Background/context This presentation will describe the development and evolution of the Simulation facilities at the University of Brighton where the team have had to overcome limitations in infrastructure on a limited budget. Simulation is widely accepted now as a valid education and training pedagogy. Its use is becoming increasingly prevalent in healthcare.1 Nursing students, clinicians, and educators alike appear to be strongly identifying with the importance of incorporating simulations into courses and enhancing clinical practicum.2 Simulation can be delivered in a variety of setting its increasingly popular within purpose built labs. These labs can often be expensive to build requiring substantial funding and redevelopment.

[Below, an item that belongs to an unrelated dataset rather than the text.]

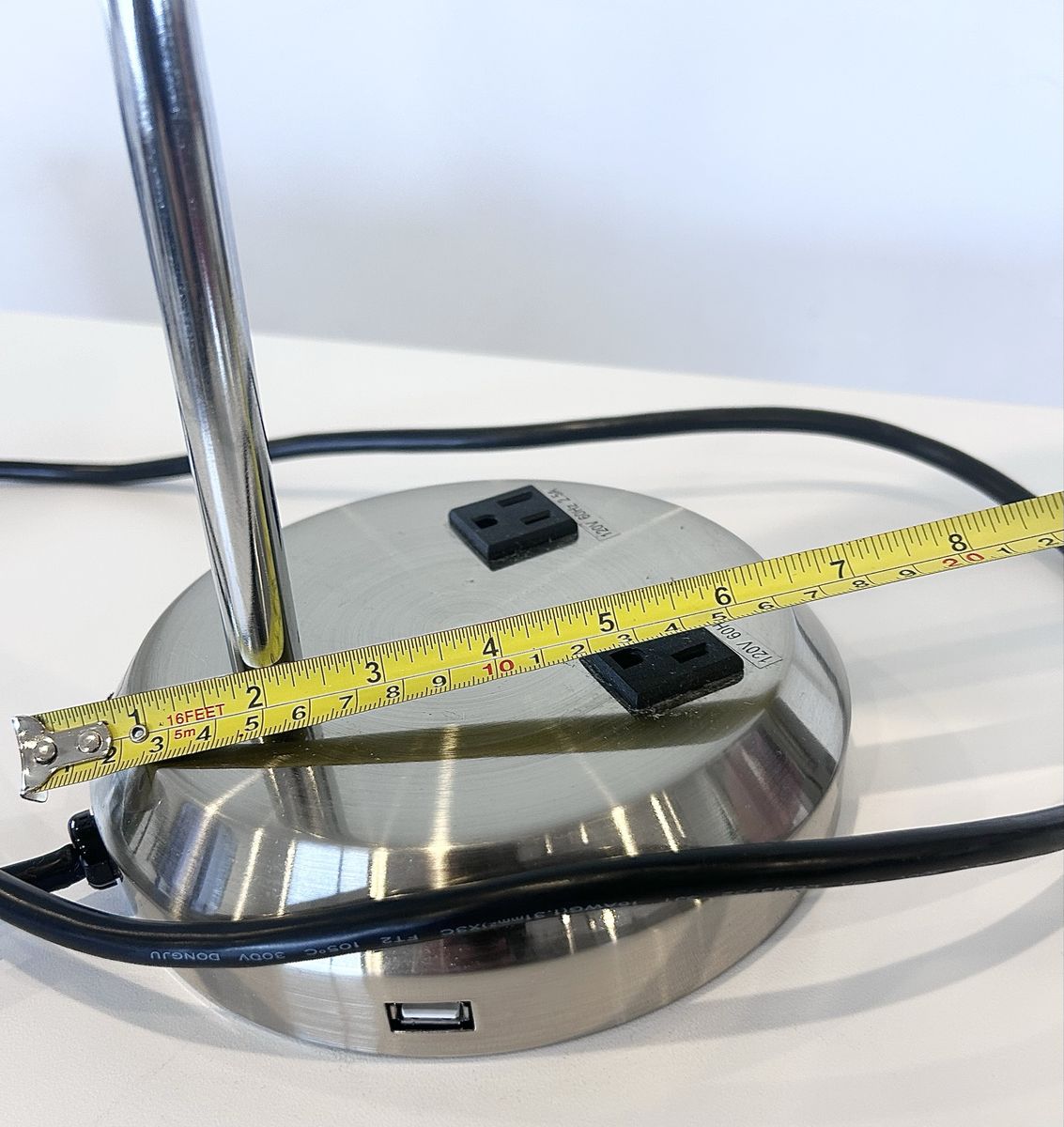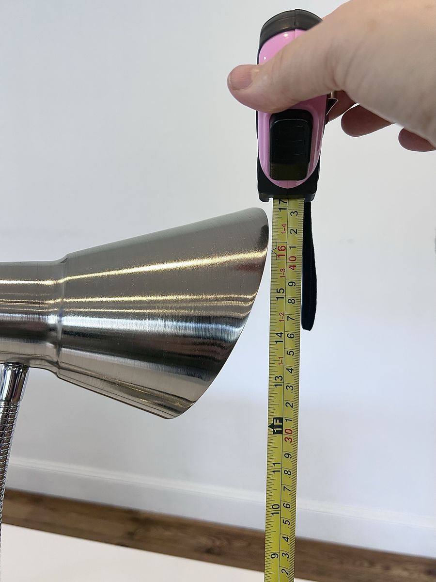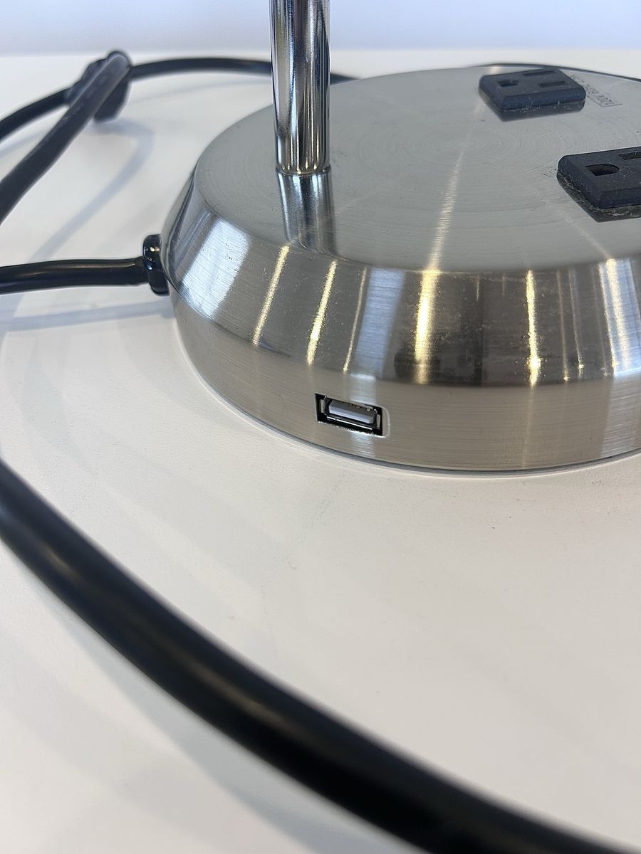 ZelleThe Modern Office Lamp is a sleek and stylish desk lamp designed for a home office or study space. With a silver metallic finish and adjustable features, this lamp is both functional and modern. The lamp is powered by a wall plug-in and made of chrome and metal materials, making it sturdy and durable. The cone-shaped shade and compact dimensions of 9” in length, 16.5” in height, and 9” in width make it a versatile and convenient lighting solution for any workspace. Made in China, this lamp weighs 5 lbs and exudes a contemporary design perfect for any home or office setting.

Description of innovation or topic This presentation examines the development of the Simulation facilities at the University of Brighton here the team have had to overcome limitations in infrastructure on a limited budget. We will summarise the journey leading to the development and refining of the Simulation facilities to improve the student experience. Going from having the students in the room with supporting staff such as medical role players. This includes how we have used emerging technologies to overcome obstacles in the environment. Including involvement of the wider university services, to achieve our goals. We will also explore the future of where the facilities may evolve particularly with emerging technologies. We will discuss the transferability and pedagogy in different settings beyond the lab.

Improvements/outcomes A first class high quality Simulation facility. Improved student experience. Improved pedagogy for students. Further research.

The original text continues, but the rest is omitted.